Et, même si mes mots pleurent encore, ils resteront en vie. Ils naîtront et renaîtront sans fin. Ils continueront à hurler les envies autant que les douleurs. Dans un enfantement déchirant pour mettre au monde l'espoir de vivre encore. Mes mots s'en iront se perdre au loin pour semer la vie. Etincelles disséminées çà et là au hasard. Pour redonner des envies. Pour réveiller des désirs. Pour allumer des brasiers propices à l'amour.

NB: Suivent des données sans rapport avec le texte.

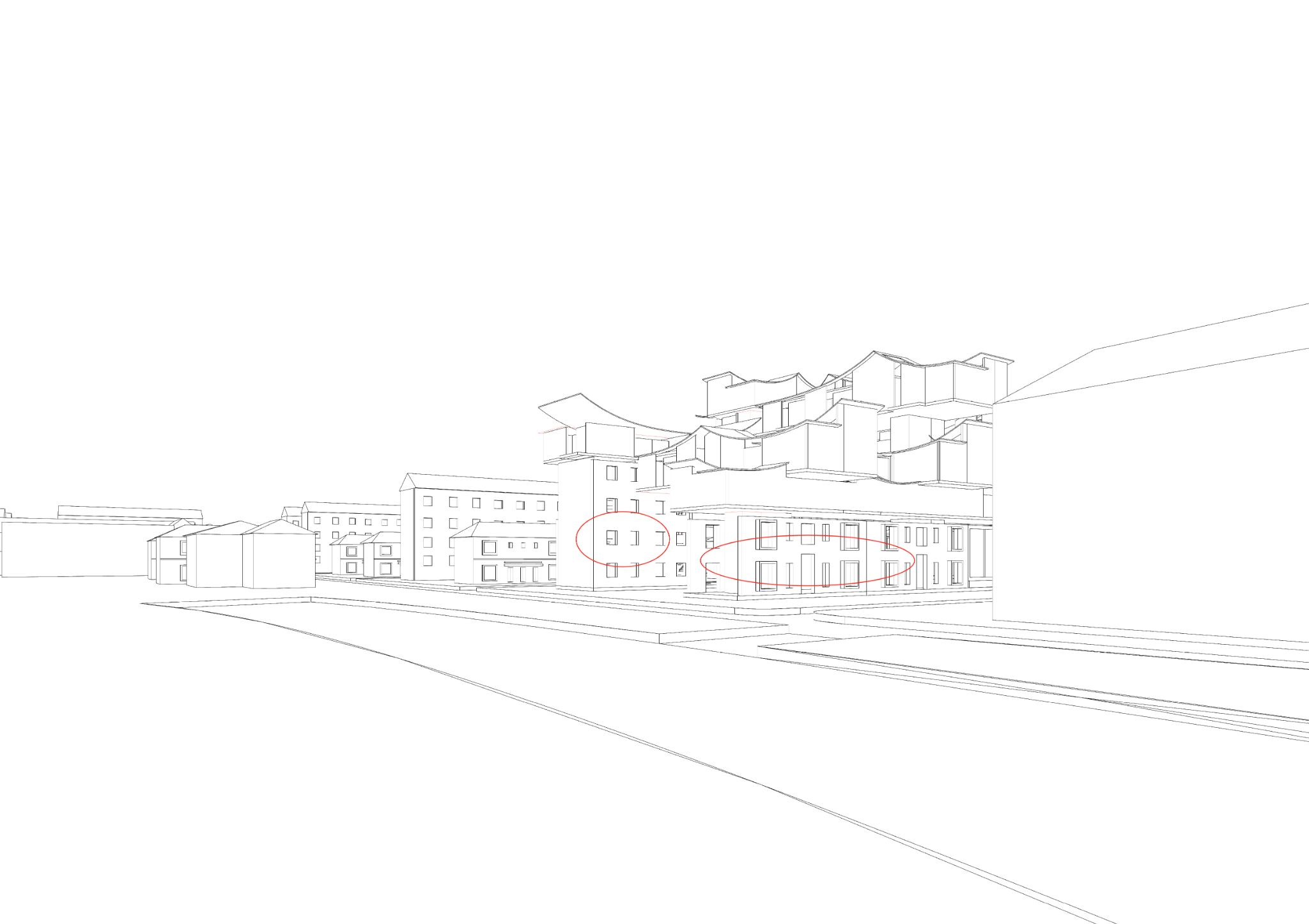 exterior shot transform this architectural line drawing into a realistic colored architectural rendering maintain the exact geometry proportions and perspective of the original drawing the taller wall on the left side circled in red should be red brick material with visible brick texture and natural color variation the lower wall on the right side circled in red should be smooth concrete with a light grey tone and subtle surface texture all other building structures should be warm natural wood material with visible wood grain and a soft matte finish keep the traditional chinese inspired roof forms use soft natural daylight realistic shadows and a calm architectural atmosphere high resolution photorealistic architectural visualization clean material expression no change to building form

Même si mes mots sont encore douloureux, ils sauront retrouver la joie. Ils iront chercher l'allégresse. Ils répandront la paix. Pour favoriser la réconciliation. Pour ramener vers chacun l'idée de la fraternité.
Même si mes mots contiennent encore le désespoir de l'horreur, ils gardent en eux l'espoir que l'amour continue d'exister. Mes portent en eux la foi, la croyance inébranlable que l'amour et la vie peuvent encore triompher.
Même si mes mots sont encore tristes, ils retrouveront la gaieté pour offrir des sourires et peut-être des rires. Musiques légères et cristallines qui symbolisent le bonheur et la vie.
Même si mes mots sont encore endeuillés, ils resteront quoi qu'il advienne porteurs de vie. Ils garderont l'envie. Ils resteront ceux du désir de vie.